Около девяти часов вечера он объявил, что ему надо возвращаться домой. Фуджимото сказал, что останется, чтобы пропустить с нами по стаканчику на ночь. Как только Китами уехал, Фуджимото рассказал нам все, что знал о плане по разрыву отношений с «Блю Риббон». Его информация не намного превышала то, что я почерпнул из папки, которую носил у себя в портфеле Китами. И все же было приятно сидеть вместе с союзником, поэтому мы осушили несколько рюмок, вдоволь посмеялись, пока Фуджимото не взглянул на часы и не вскричал: «Быть не может!
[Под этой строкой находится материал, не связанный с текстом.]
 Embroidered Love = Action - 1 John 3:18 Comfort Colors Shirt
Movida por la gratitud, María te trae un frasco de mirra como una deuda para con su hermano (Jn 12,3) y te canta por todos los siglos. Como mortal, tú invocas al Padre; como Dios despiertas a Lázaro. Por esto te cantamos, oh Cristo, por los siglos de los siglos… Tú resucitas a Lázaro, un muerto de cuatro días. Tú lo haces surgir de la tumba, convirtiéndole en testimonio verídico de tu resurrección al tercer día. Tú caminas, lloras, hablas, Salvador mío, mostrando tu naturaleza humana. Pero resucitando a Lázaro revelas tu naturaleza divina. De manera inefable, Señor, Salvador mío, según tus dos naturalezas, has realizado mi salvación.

Уже двенадцатый час. Поезда перестают ходить!»

«Да не проблема, – сказал я. – Оставайтесь с нами».

«У нас в номере большой татами, – сказала Пенни, – и вы можете спать на нем».

Фуджимото принял приглашение со многими поклонами. И еще раз поблагодарил меня за велосипед. Час спустя мы уже были в небольшой комнате, делая вид, что нет ничего необычного в том, что мы втроем укладываемся спать в одном помещении.
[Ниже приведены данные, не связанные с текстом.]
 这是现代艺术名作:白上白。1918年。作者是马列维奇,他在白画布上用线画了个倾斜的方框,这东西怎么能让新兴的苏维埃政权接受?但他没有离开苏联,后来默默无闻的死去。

На рассвете я услышал, как Фуджимото встал, покашлял, потянулся. Пошел в ванную комнату, открыл кран с водой, почистил зубы. Затем надел свою одежду, в которой был накануне, и выскользнул из нашего номера. Я вновь заснул, но вскоре в ванную комнату направилась Пенни, и когда она вернулась в постель, она… смеялась? Я повернулся к ней. Нет же, она плакала. Она выглядела так, будто вновь оказалась на грани нового приступа паники.

«Он пользовался…» – сквозь всхлипывания сказала она. «Чем?» – спросил я. Она зарылась головой в подушки. «Он пользовался… моей зубной щеткой».

Как только я вернулся в Орегон, я пригласил Бауэрмана к нам в Портленд, чтобы встретиться со мной и Вуделлем, поговорить о состоянии дел.

Все казалось таким же, как и во время прежних встреч. В какой-то момент в ходе разговора мы с Вуделлем заметили, что внешняя подошва тренировочной обуви не изменилась за последние пятьдесят лет. Протектор по-прежнему имел вид просто волн или канавок поперек стопы. Модели «Кортес» и «Бостон» стали прорывом в амортизации и использовании нейлона, революционными новинками в конструкции верхней части кроссовок, но в том, что касается внешней части подошвы, со времен, предшествующих Великой депрессии, здесь не было ни единой инновации. Бауэрман кивнул. Он сделал для себя пометку. И весь его вид не говорил о том, что он так уж заинтересовался.

Насколько я помню, как только мы обсудили все, что стояло на повестке для относительно нового бизнеса, Бауэрман сообщил нам, что один богатый выпускник Орегонского университета недавно пожертвовал миллион долларов на строительство нового трека – лучшего в мире.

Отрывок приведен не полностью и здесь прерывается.